Given: Two continuous multivariate probability distributions, expressed as mixture models (possibly, but not necessarily, Gaussian Mixture Models)
Desired Output: The Hellinger Distance between the two probability distributions. The probability distributions then to be used to generate data streams.
Constraints: I would like to code this in Java, for implementation with the MOA framework. With Java it is possible to import the Apache Commons Math classes, but if need be, I can implement this in another language and save the output as ARFF files.

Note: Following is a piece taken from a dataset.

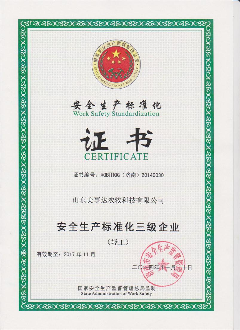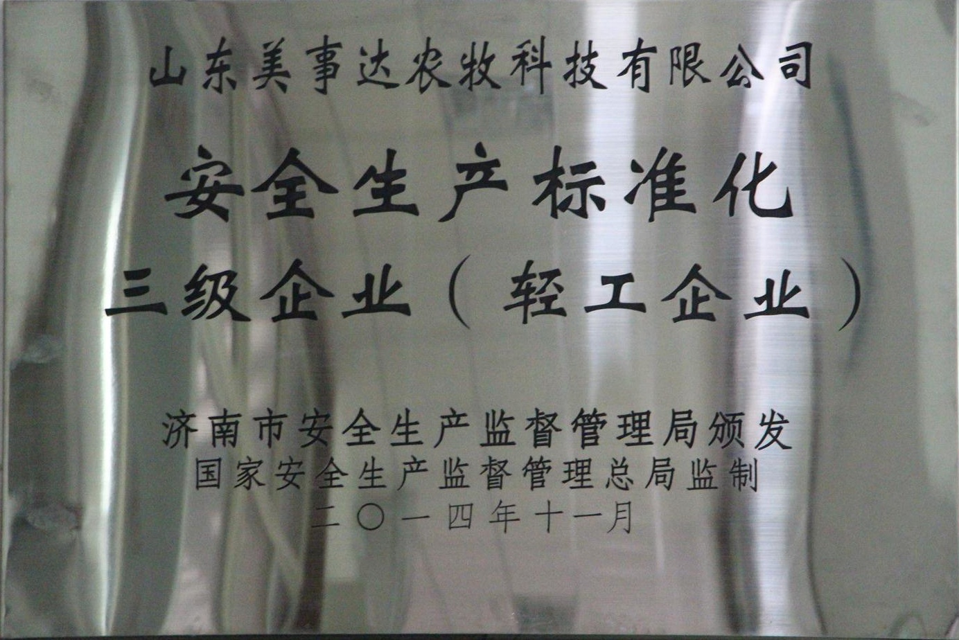 近日,濟南市安全生產監督管理局為我公司頒發了安全生產標準化證書和銅牌,這標志著我公司在安全生產方面進入了一個全新的階段,圖片為我公司取得的安全生產標準化證書和銅牌。

What I know so far: The Hellinger distance expresses the similarity between two probability distributions. From Wikipedia I know that if we define the Hellinger distance in terms of elementary probability theory, we simply have two probability density functions:
If we denote the densities as $f$ and $g$, respectively, the squared Hellinger distance can be expressed as a standard calculus integral: $H^2(f,g)=\frac{1}{2}\int(\sqrt{f(x)}-\sqrt{g(x)})^2dx$.
This definition is the most interpretable to me that I have found and seems like it will lend itself to both the construction of the mixture models by a computer and the calculation of the Hellinger distance by a computer.
Questions:
Is there a way to express this form of the Hellinger Distance that lends itself to easy (or at least natural) computation by a computer?
Is there another way of framing the calculation that would be more natural?
Can all of this be sidestepped and the Hellinger Distance approximated using sampling?